• [Work item]: Would you reproduce the whole listing exactly, dropping any pictures it holds?

Provided data START

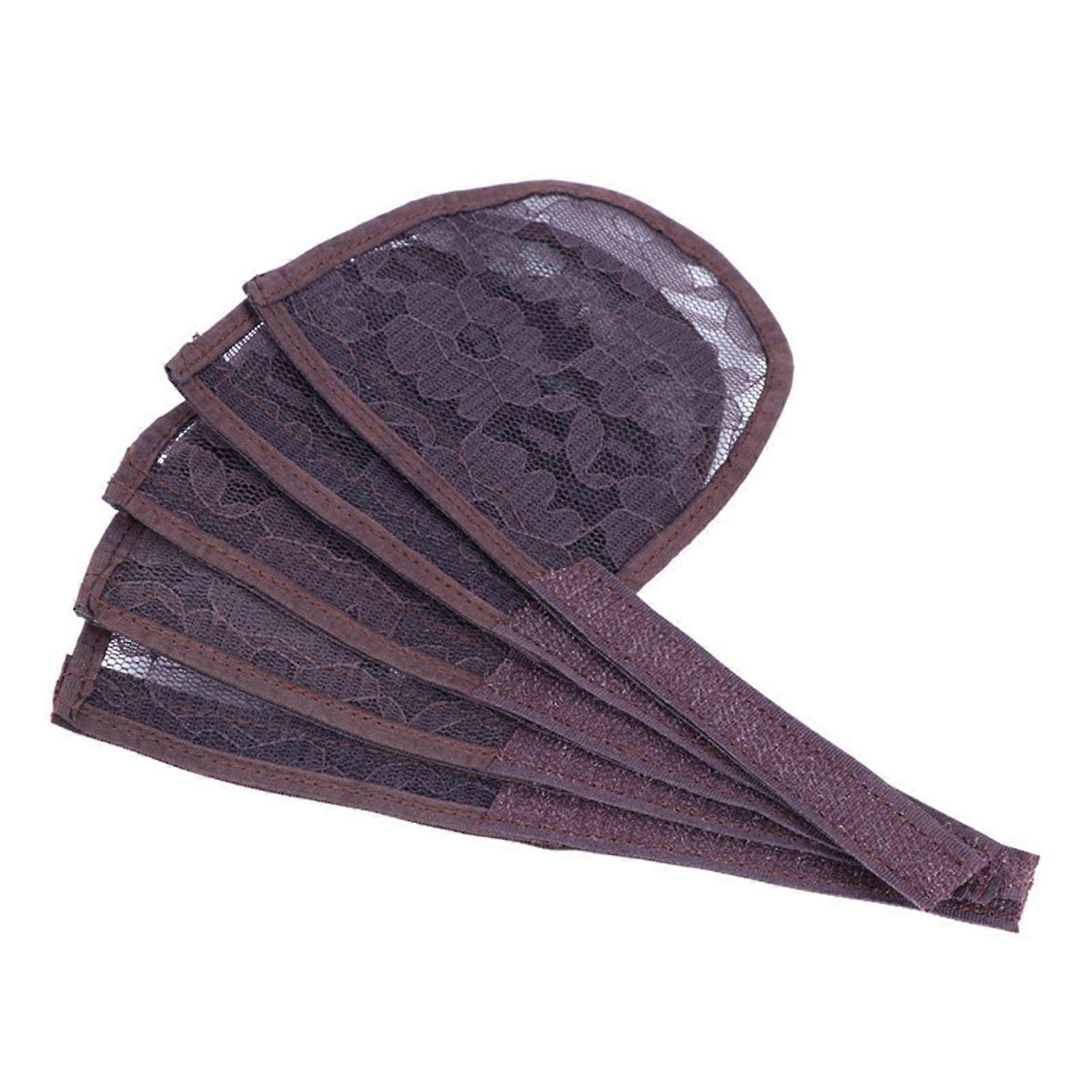 Jikaix 5Pcs Ponytail Wig Net Adjustable Fastener Tape Strap Women Girls Ponytail Hair Extension Weaving Floral Lace Mesh Band Hair Accessories
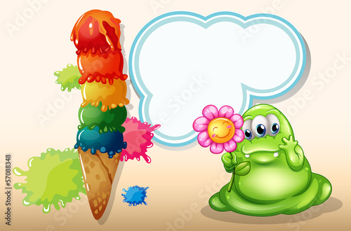 © GraphicsRF, Fototapeta premium A giant icecream near the monster with a flower
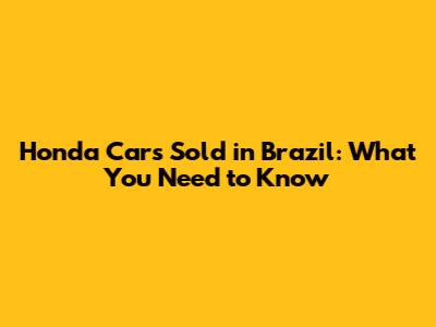 Honda Cars Sold In Brazil: What You Need To Know
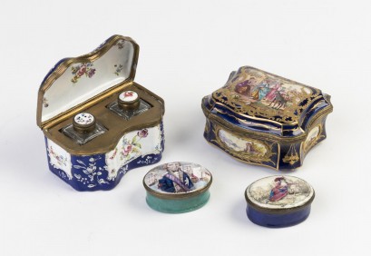 Lot Description:A collection of three enamel objects together with a porcelain hinged jewel box, Continental and English, 18th and 19th century

Provided data END

• [Answer to the exercise]:
 Jikaix 5Pcs Ponytail Wig Net Adjustable Fastener Tape Strap Women Girls Ponytail Hair Extension Weaving Floral Lace Mesh Band Hair Accessories
 © GraphicsRF, Fototapeta premium A giant icecream near the monster with a flower
 Honda Cars Sold In Brazil: What You Need To Know
 Lot Description:A collection of three enamel objects together with a porcelain hinged jewel box, Continental and English, 18th and 19th century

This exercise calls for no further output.